Я не стал задерживаться возле сумасшедшего полубезухого старика. Я оставил его наедине со своими стонами и побежал к колючкам. Углубился в галерею, из которой он вышел. К удивлению своему, я оказался в лабиринте достаточно сложном, чтобы человек рисковал в нем потеряться. Риск наверняка тщетный, потому что колючие дебри простираются не бесконечно, но впечатление угрожающей свирепости, исходящее от тысяч и тысяч слоев колючей проволоки, под которыми чувствуешь себя погребенным, конечно, тоже играет свою роль. Я шел вперед, поворачивал, шел, снова поворачивал и очутился нос к носу с Фабьенной. Она не двигалась, не улыбалась, но мне показалось, я прочел на ее полном и круглом лице выражение триумфа. Я опустил взгляд на ее руки. Обе они были забрызганы кровью. Правая еще держала маленькие серебристые кусачки, которые я видел у нее во время последней встречи. Левая ладонь поднялась ко мне и раскрылась: я увидел на ней две серьги, две филиппинские жемчужины, оправленные в виде пусет. Она отступила так, чтобы я увидел землю. Сначала взгляд мой упал на ошметок красной сморщенной кожи, и я подумал об ухе Брифо. Но это еще было ничего. Присмотревшись, я различил контур человеческого тела, наполовину выступающий из вязкой почвы. Посреди свежевспаханной земли смеялся во весь оскал увенчанный войлочной шляпой череп.
— Я подозревала, что Крошмор должен находиться здесь с одной из жемчужин, — объяснила мне Фабьенна. — К моему удивлению, вторая жемчужина явилась сюда на ухе у Брифо. Странная встреча, не правда ли?
Она вновь обрела свой светски-иронический тон, особенно резавший ухо в данной ситуации.
Я не желал более ни видеть, ни слышать об этом. Без единого слова я повернулся спиной к Фабьенне и вышел из лабиринта. Пока можно только строить домыслы о том, что здесь произошло четверть века назад, но детали пазла довольно хорошо подходят друг к другу. В то время «Ослиный кабачок» процветал и служил штаб-квартирой мусорщикам этих проклятых земель. Здесь и сошлись Брифо и Крошмор, каждый со своей жемчужиной, на последний торг. Можно предположить, что, исчерпав все доводы, они решили разыграть их в кости или в карты. Игра перешла в ссору, и ссора в поножовщину. Кажется установленным факт, что в то время Брифо залечивал большую рану на животе и вынужден был несколько недель пролежать недвижно. Можно допустить, что Крошмор, покинув, тоже раненым, кабачок, заблудился глубокой ночью в зарослях и умер в этой болотистой низине. А вскоре после того туда сбросили тонны колючей проволоки. Когда, поправившись, Брифо стал бродить по этим местам, он, к досаде своей, обнаружил гору железных колючек, лежащую на своем давнем враге — как достойное того надгробье. Он стал ждать случая, забыл и внезапно вспомнил о жемчужине, увидев, как люди Фабьенны прокладывают ходы. Дело о жемчужных серьгах снова ожило, и, словно повинуясь этому оживлению, Аллелуйя выдвинул против него свое обвинение. Брифо пристально следил за продвижением в очистке оврага. Ему важно было первым добраться до останков Крошмора. Он пришел только вторым, потеряв одновременно жемчужину и ухо…

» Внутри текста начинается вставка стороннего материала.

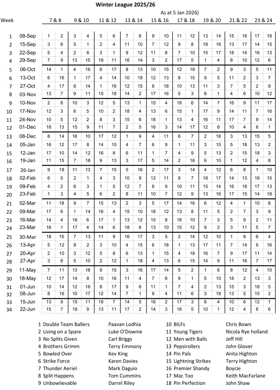 Summer League 2024. The league was won by Bowled Over (Doug & Paula Main). Results »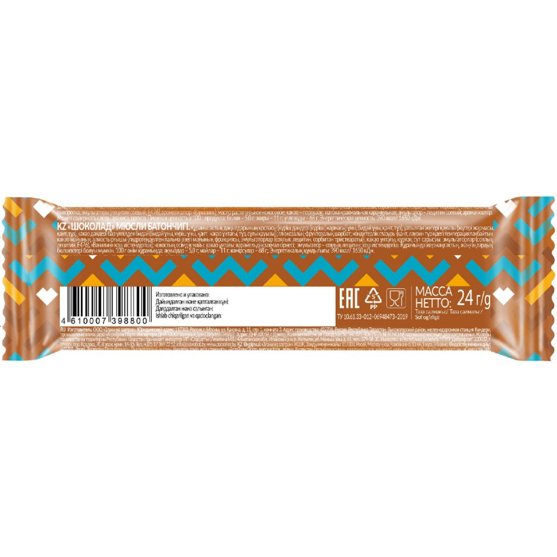 Батончик-мюсли Matti Шоколад - злаковый батончик с добавлением воздушных шариков пшеницы и шоколада. Хрустящий батончик зарядит энергией злаков и наполнит день ярким вкусом. Состав: смесь злаковая (зернышки рисовые (мука (крупа) рисовая, мука пшеничная, сахар, соль), хлопья кукурузные дробленые (крупа кукурузная, сахар, соль), пшеница воздушная с какао зернышки (мука пшеничная, мука рисовая, сахар, какао - порошок, соль), хлопья овсяные); сироп глюкозно - фруктозный; глазурь кондитерская (сахар, заменитель какао-масла нетемперируемый лауринового типа (фракция гидрогенизированного пальмоядрового масла, эмульгаторы (лецитин соевый, сорбитан тристеарат)), какао-порошок, сухая молочная сыворотка, эмульгаторы (лецитин соевый, Е476), ароматизатор 'Ванилин'); масло растительное кокосовое; какао - порошок; патока крахмальная карамельная; эмульгатор - лецитин соевый; ароматизатор. Может содержать следы арахиса, орехов. Пищевая ценность: белки 5 г; жиры 11 г; углеводы 68 г. Энергетическая ценность: 390 ккал. Срок годности: 13 месяцев. Условия хранения: хранить в сухом месте при температуре не выше 25°С и относительной влажности воздуха не более 75%. Вес: 144 г (6 батончиков по 24 г). Страна производства: Россия.

На шее у него золотая цепочка и образок Богородицы. Еще у него на левом безымянном пальце здоровенная алюминиевая печатка в виде черепа. Вот все его драгоценности. Я постараюсь их не тронуть. Зато надо подумать, как бы его одеть. Хотя бы для того, чтобы потом раздеть. Как? Проблема деликатная, волнующая, сладостная. Осторожность, мир, мудрость — заключались бы в том, чтобы сгладить его, закамуфлировать, сделать серой тенью, скрытой за моей спиной. Мне это отвратительно. Мне отвратительно рядить его в одежды диаметрально противоположные моим. Я хочу, чтобы он был похож на меня вплоть до моего «дурновкусия». Даниэль будет денди, вроде меня.
Вроде меня? А почему не в точности, как я? Не точной моей копией? Чем больше я лелею эту мысль, тем больше она мне нравится. Так я встречусь лицом к лицу с хихикающим отребьем, его хихиканье замолкнет в изумлении, я разбужу в его тупом мозгу смутные предположения о братстве, об отцовстве…
Братство, отцовство? Ай, как странно ущипнуло в сердце! Я неосторожно зацепил воспаленную рану моего «горечка». И в ослепительном свете этой краткой боли я спрашиваю себя, не является ли жалость, склоняющая меня к Даниэлю, аватарой моего горечка и, в частности, сочувствия, которое внушает мне тот мальчик-сирота, которого навеки покинула моя мамочка. Нарцисс склоняется к своему отражению и плачет от жалости.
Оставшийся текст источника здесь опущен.